> **Records for the task**:

• • • • •

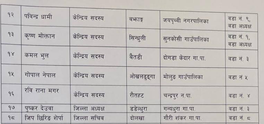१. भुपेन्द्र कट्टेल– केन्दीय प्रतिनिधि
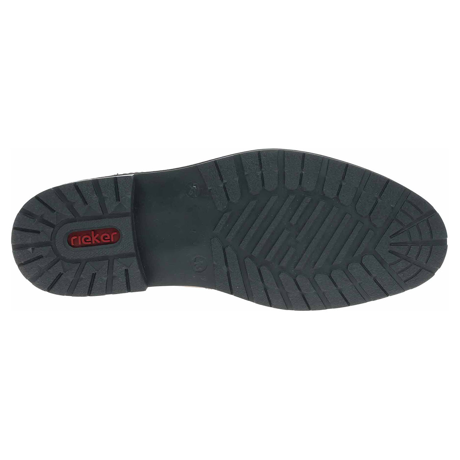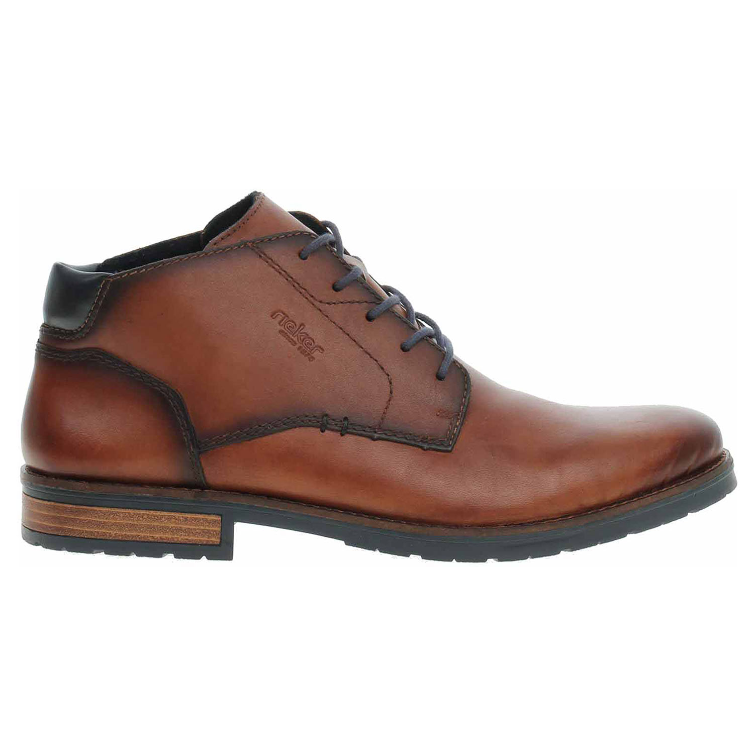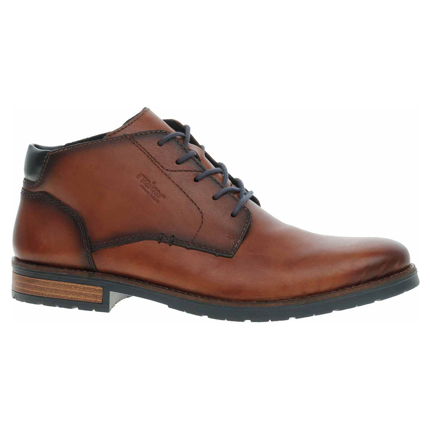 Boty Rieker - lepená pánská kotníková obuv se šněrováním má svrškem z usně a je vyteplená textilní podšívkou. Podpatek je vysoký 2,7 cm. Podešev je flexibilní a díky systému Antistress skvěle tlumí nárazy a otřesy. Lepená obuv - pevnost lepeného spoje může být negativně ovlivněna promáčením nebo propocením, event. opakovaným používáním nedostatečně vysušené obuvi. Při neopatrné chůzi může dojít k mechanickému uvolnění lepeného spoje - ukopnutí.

• • • • •

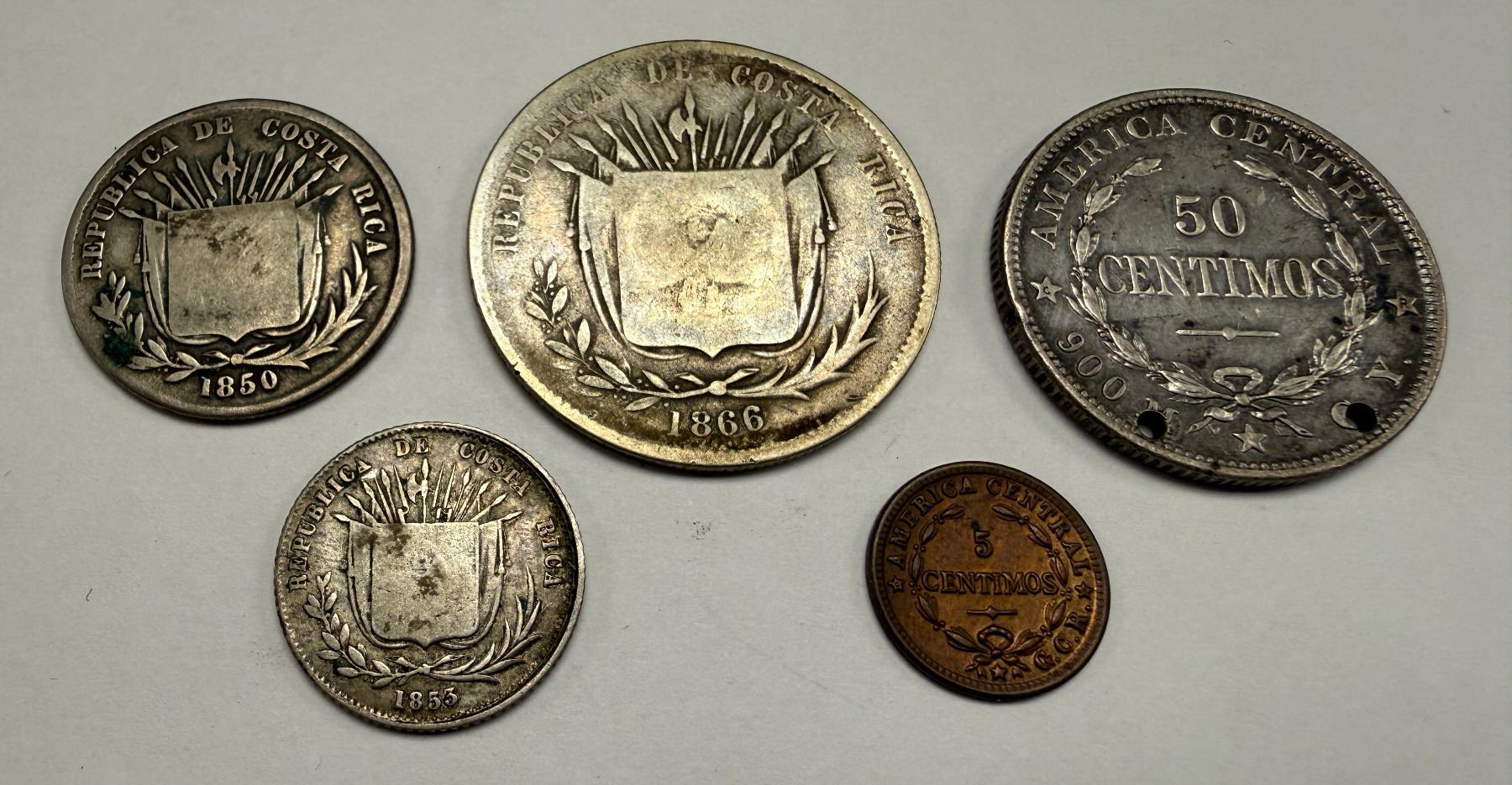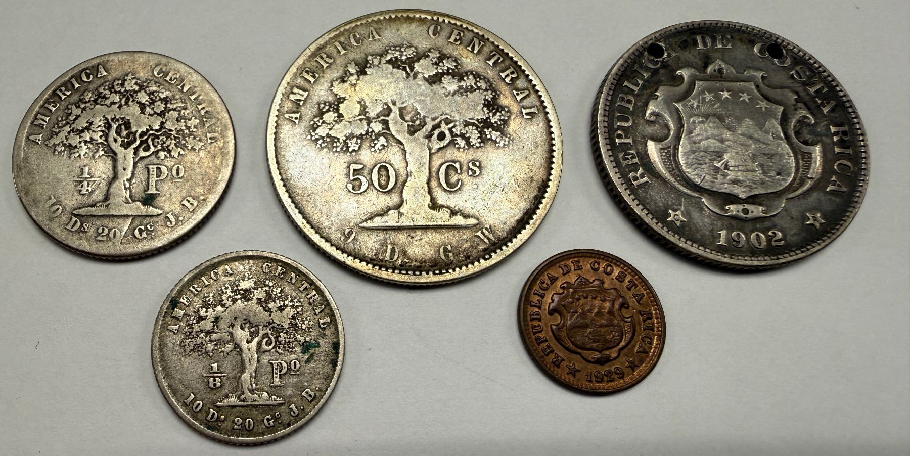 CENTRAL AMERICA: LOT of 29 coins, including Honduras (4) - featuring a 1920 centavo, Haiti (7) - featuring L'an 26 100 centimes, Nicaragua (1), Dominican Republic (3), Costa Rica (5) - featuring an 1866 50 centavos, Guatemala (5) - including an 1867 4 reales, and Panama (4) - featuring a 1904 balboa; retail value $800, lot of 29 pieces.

• • • • •

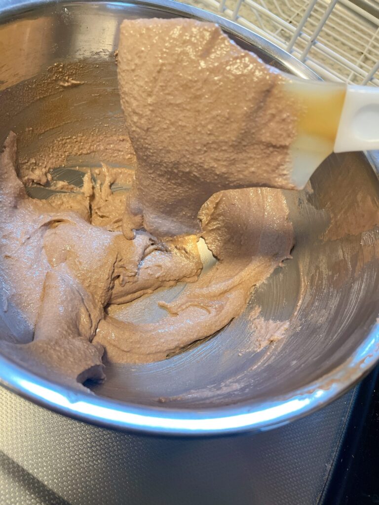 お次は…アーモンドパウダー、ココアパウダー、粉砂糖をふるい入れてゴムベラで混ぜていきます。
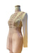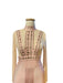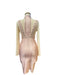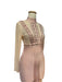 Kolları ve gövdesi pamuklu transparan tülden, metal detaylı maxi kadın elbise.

• • • • •

> **Work request**: Although the records above contain pictures, the copy must not; set down exactly the lines from the one with "お次は…アーモンドパウダー、" up to and including the one with "Kolları ve gövdesi".

> **Solution to the exercise**:
 お次は…アーモンドパウダー、ココアパウダー、粉砂糖をふるい入れてゴムベラで混ぜていきます。
 Kolları ve gövdesi pamuklu transparan tülden, metal detaylı maxi kadın elbise.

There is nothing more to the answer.